Chris had read about a fell runner who had taken on all the 214 Lake District peaks identified by Alfred Wainwright in his famous guidebooks.
He decided to do something slightly different – to climb to the peaks solo and unsupported in the fastest time possible.
It meant he had to carry everything for the challenge including food, mapping, cooking and camping equipment, water, spare clothing, safety and first aid equipment. His pack weighed 20kg – about three stone – and due to the terrible weather even when he had eaten his rations it weighed the same due to being soaking wet.
The total distance is 540kms and included 95,000ft of ascent – that’s the equivalent of climbing Mount Everest four times. Chris had allowed himself 14 days to complete Project 214, as the challenge was named.
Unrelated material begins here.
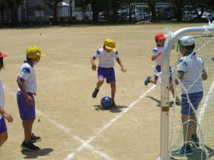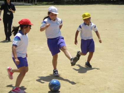 3年生の4時間目は体育の授業でした。今日もグラウンドに出てサッカーです。気温の上昇が心配されましたが、湿度が低く風もあったことから問題なくサッカーが実施できました。

In the end he completed it in 11 and a half – finishing at the weekend.
But he admits he hadn’t banked on the weather.
“It was very difficult at time,” he recalls.
“I set off on May 18 and the weather was fine for the first two days were fine but then days three to six were so bad. There were some people doing a 24 hours challenge and they had to abandon. I just had to keep moving forward but when it came to the Pillar and the Steeple I had to get to the top and get back down as quickly as I could.”
While climbing the challenging Scafell Pike he fell over and was worried he might be injured, but he was okay and was able to continue,
“It just makes it even more interesting,” he jokes. “But when it got really hard I had to draw on my military training. Although there is nothing wrong with failing, it’s a conscious decision and I didn’t want to quit.”
As well as his military training, Chris, 39, drew on his own personal seven point check list.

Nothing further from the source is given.